Меня обдает волной ужаса, который проникает в тоннель снаружи. Он плещется у его начала. Чем дальше в глубину, чем дальше от светлого пятна входа, ближе к светящимся столбам и исковерканной колеснице, ужас сменяется холодным туманом отстраненности, исходящим от мужчин. Сейчас для них существует только работа, за которую они взялись и которую, я знаю, сделают. Чувства надежно отключены от разума. Упакованы, уложены, скрыты. Иначе невозможно.
Мне страшно. Пахнет гарью, железом и кровью.
Огненно-ледяная воронка затягивает меня.

Нет больше тоннеля. Ни крови, ни гари, ни мужчин, ни светящихся столбов.
Солнце встает над кромкой дальнего леса, наполняя оголившийся парк светом. Пахнет утром, влажной листвой, свежестью и немножко грибами. Осень. Огненные листья, похожие на растопыренную пятерню. Желтые, кругленькие, аккуратные. Бурые, чьи края идут волной. Вместе они образуют замысловатый узор, переплетаясь между собой. Никакой ковер, созданный руками человека, не сравнится с этой картиной. На нее можно смотреть часами. Можно ходить, шелестя листьями, или упасть в них, чтобы глядеть в высокое небо.

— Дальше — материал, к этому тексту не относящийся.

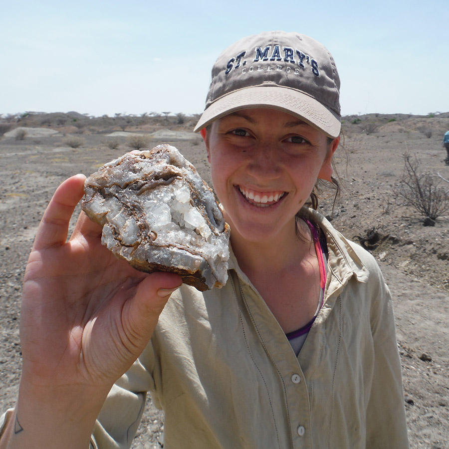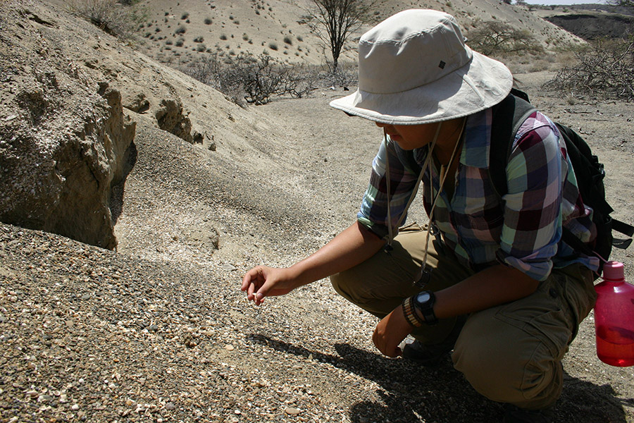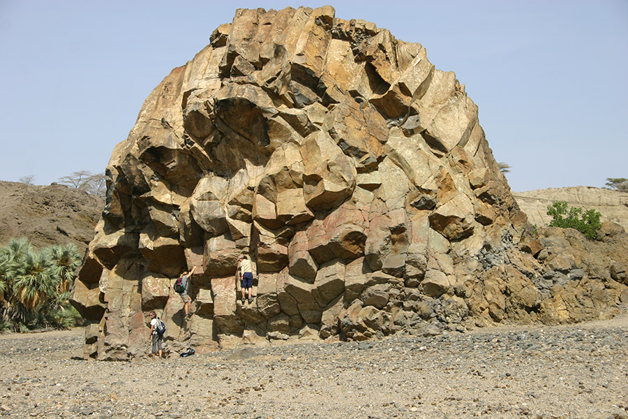 Kabua Gorge, cut by the Kalakol River, was our first trip to examine paleo-lake deposits. This location exposes ~10,000 year old and younger lacustrine sedimentary beds resting on top of and adjacent to Miocene volcanics. The present water level of Lake Turkana is approximately 368 meters above sea level. During a humid period in the Turkana Basin (and most of northern Africa), lake levels in the basin reached up to 456 m asl, an overflow point into the Nile drainage basin. In the area of Kabua Gorge, the paleo-Kalokol River had cut down into the faulted volcanic deposits that make up the Lothidok Range. Much later, the area was inundated by lake highstands during the Holocene and deposited shell rich sands at the shore and siltstones in deeper water.
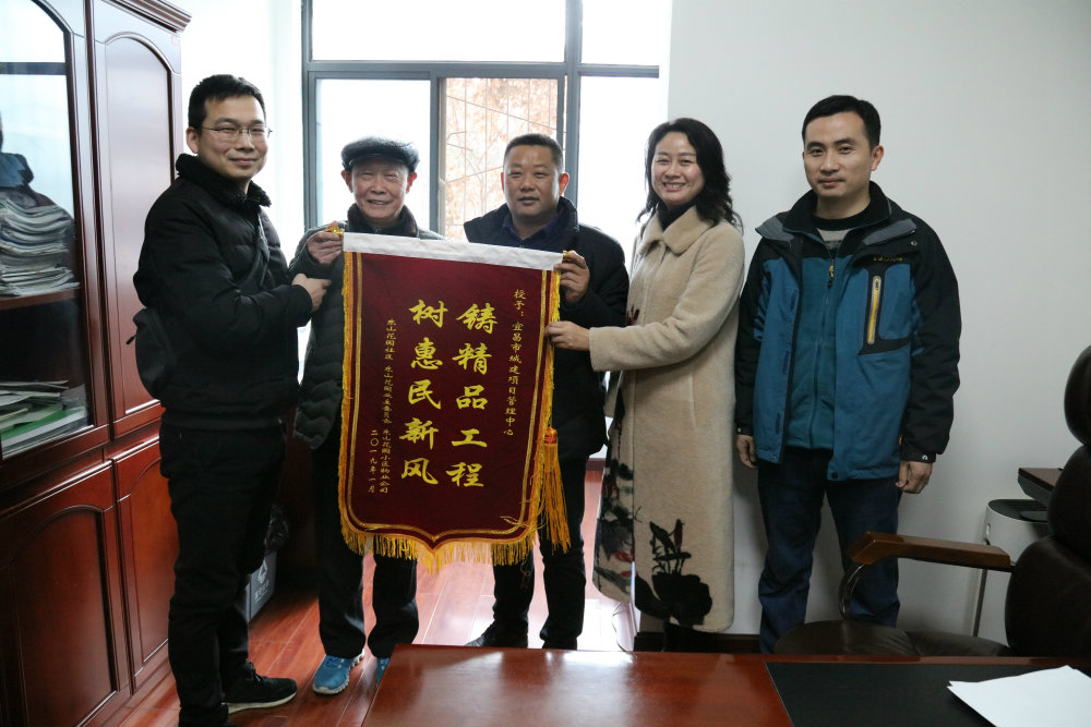 1月22日,东山花园社区业委会、物业公司和居民代表来到市城建项目管理中心,将印有“铸精品工程,树惠民新风”的锦旗送到市城建项目管理中心党支部书记、主任戴大荣手中,对项目中心在东山花园人行天桥建设中所做的工作表示感谢。
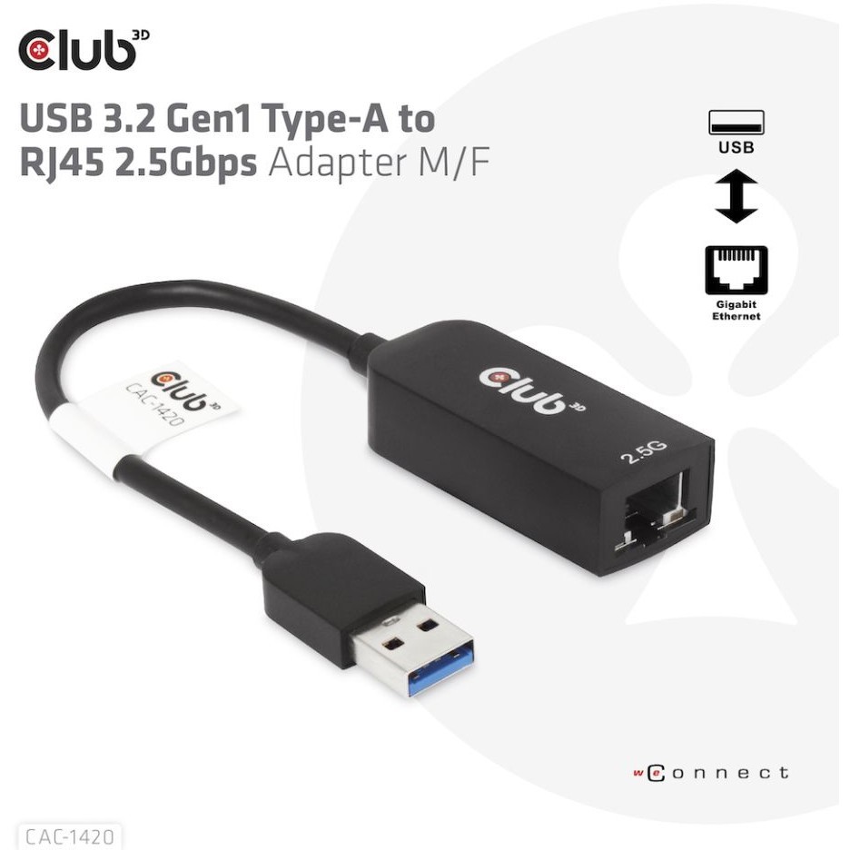 Club3D USB 3.2 Type A to RJ45 2.5Gb Ethernet adapter.

Тонкая красная линия разрывает совершенный рисунок на бесформенные части. Заворожено-испугано всматриваюсь в этот разлом и натыкаюсь на глаза. Совсем молодая девушка ,остановившийся взгляд устремлен в осеннее небо. Пронзительно голубые глаза. Совершенно спокойное лицо.

Отчаяние и горечь, как ветер, вокруг меня. Я ловлю в воздухе тонкую струйку надежды, но она рассыпается над грудой осенних листьев. Остается лишь её исчезающий запах, который смешивается с ароматами осени. Утренний ветер подхватывает их все, унося прочь.

Слезы подступают к глазам и катятся по щекам. Я уже ничего не вижу сквозь них, а когда смахиваю влагу с глаз, вместе с ней исчезает девушка, парк, осень.


Весна. Нет, начало лета. Полдень. Солнечно и тепло. Деревья в цвету дарят сладкий, прекрасный аромат зарождения жизни. От него сердце восторженное поет.
У невысокого, плоского двухэтажного строения собрались люди. Скорбные лица, темная одежда, цветы в руках. Песня в сердце застревает на одной ноте и замолкает.

Молодой мужчина сидит на скамейке у стены и курит. Я вижу его со спины и никак не могу разглядеть его облик в точности, все время что-то мешает. Но мысли его звучат внутри у меня. Они о смерти. Не о своей, конечно. Он не знает, как пережить уход человека, чью смерть не хочет и не может признать. Не понимает, что теперь делать. Чувства будто атрофировались. Разум говорит, что нужно горевать, но сердце молчит. Даже лицо не хочет принимать скорбного выражения. Ни обиды, ни злости, ни горечи. Он прячет их от себя очень хорошо. Но они живут в нем, как коктейль льда с огнем. И я пью напиток со вкусом слез и горюю с его душой.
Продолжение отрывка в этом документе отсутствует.